Provided material:
▬▬▬▬▬▬

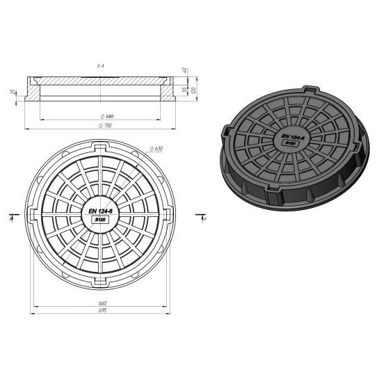 Люк каналізаційний полімерпіщаний Середній (В125) 12,5т 740мм чорний
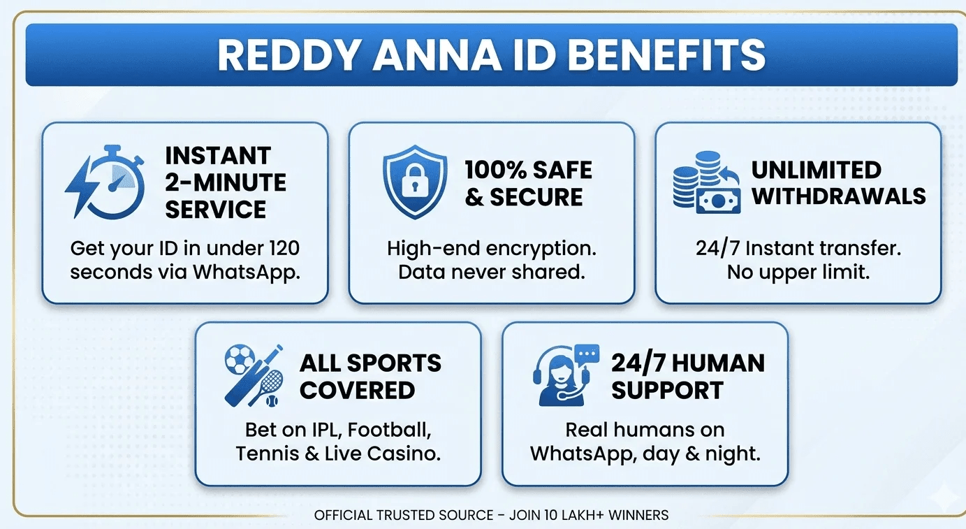 Reddy Anna Official ID Benefits Instant ID, 100% Secure, Unlimited Withdrawals & 247 Support!
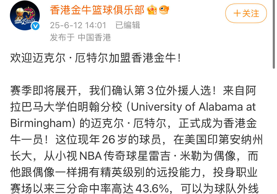 在新疆队、辽宁队、北京首钢队等多支CBA联赛球队都有补强小外援需求的情况之下,没有足够外援预算的广东队基本已经无缘引进在CBA联赛证明过自己的小外援。好在,朱芳雨和杜锋依旧有机会在NBL联赛中引进适合的小外援。近期,NBL联赛的豪门球队香港金牛男篮已经正式官宣签下了26岁的双能卫迈克尔-厄特尔。厄特尔作为一名持球、组织能力合格的双能卫,出道以来个人职业生涯的三分球命中率接近44%,这样的劲爆外线投篮能力可以说是很适合CBA联赛的小外援选择。

▬▬▬▬▬▬

Copy out all the data exactly. The images should not appear in the copy.

 Люк каналізаційний полімерпіщаний Середній (В125) 12,5т 740мм чорний
 Reddy Anna Official ID Benefits Instant ID, 100% Secure, Unlimited Withdrawals & 247 Support!
 在新疆队、辽宁队、北京首钢队等多支CBA联赛球队都有补强小外援需求的情况之下,没有足够外援预算的广东队基本已经无缘引进在CBA联赛证明过自己的小外援。好在,朱芳雨和杜锋依旧有机会在NBL联赛中引进适合的小外援。近期,NBL联赛的豪门球队香港金牛男篮已经正式官宣签下了26岁的双能卫迈克尔-厄特尔。厄特尔作为一名持球、组织能力合格的双能卫,出道以来个人职业生涯的三分球命中率接近44%,这样的劲爆外线投篮能力可以说是很适合CBA联赛的小外援选择。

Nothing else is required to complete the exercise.